Product marketing deals with marketing the product to prospects, customers, and others. Product marketing works with other areas of marketing such as social media marketing, marketing communications, online marketing, advertising, marketing strategy, and public relations, to execute outbound marketing for their product.

Role 

Product marketing addresses five strategic questions:

 What products will be offered (i.e., the breadth and depth of the product line)?
 Who will be the target customers (i.e., the boundaries of the market segments to be served)?
 How will the products reach those customers (i.e., the distribution channel and are there viable possibilities that create a solid business model)?
 At what price should the products be offered?
 How should we position the product in the minds of the customer?

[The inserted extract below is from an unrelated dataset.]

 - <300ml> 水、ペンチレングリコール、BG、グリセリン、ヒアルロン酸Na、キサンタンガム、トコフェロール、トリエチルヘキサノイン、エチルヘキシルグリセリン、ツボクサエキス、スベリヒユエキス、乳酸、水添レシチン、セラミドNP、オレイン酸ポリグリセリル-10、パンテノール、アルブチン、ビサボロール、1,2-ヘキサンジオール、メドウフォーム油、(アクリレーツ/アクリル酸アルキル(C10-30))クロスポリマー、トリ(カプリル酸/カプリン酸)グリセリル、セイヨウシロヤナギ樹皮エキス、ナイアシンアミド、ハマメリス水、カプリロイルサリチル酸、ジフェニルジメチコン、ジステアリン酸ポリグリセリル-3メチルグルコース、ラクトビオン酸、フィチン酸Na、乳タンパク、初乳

To inform these decisions, Product Marketing Managers (PMMs) act as the Voice of the Customer to the company. This includes gaining a deep understanding of—and driving—customer engagement with the product, throughout its lifecycle (pre-adoption, post-adoption/purchase and after churning). PMMs collect this customer information through surveys and interviews and when available, product usage and competitive data. This informs the product roadmap, as well as driving customer product education to enhance engagement.

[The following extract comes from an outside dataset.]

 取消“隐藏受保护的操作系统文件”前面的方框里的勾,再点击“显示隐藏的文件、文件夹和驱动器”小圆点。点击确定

PMMs answer these questions and execute the strategy using the following tools and methods:
 Customer insights: interviews, surveys, focus groups, customer observation.
 Data analysis: internal and external data.
 Product validation: test and validate product ideas (the minimum viable product or rapid prototyping), before committing engineering resources.
 Market testing: optimal prices and marketing programs are developed through A/B testing of elements including language (copy), prices, product line-ups, visuals.

Relationship to other roles 

Product marketing generally performs different functions from product management. Product Managers take product requirements from sales and marketing personnel and create a product requirements document (PRD) for the engineering team. The product marketing manager creates a market requirements document (MRD), the source material for the PRD.

These roles may vary across companies. In some cases the product manager creates both MRD and PRD, while product marketing does outbound tasks such as trade show product demonstrations, marketing collateral (hot-sheets, beat-sheets, cheat sheets, data sheets and white papers). This requires skilled in competitor analysis, market research, technical writing and in financial matters (ROI and NPV analyses) and product positioning. Typical performance indicators for product marketers include feature adoption, new revenue, expansion revenue, and churn rate.

Product marketers are chartered with developing the content for sales, marketing communications, customers, and reviewers.

Qualifications 

The typical education qualification for this area of business is a marketing or business degree, e.g. a BBA, MBA, M.A./M.S. in Marketing, M.A./M.S. in I/O Psychology, along with work experience. A key skill is to be able to interact with technical staff, increasing the value of a background in engineering or computing.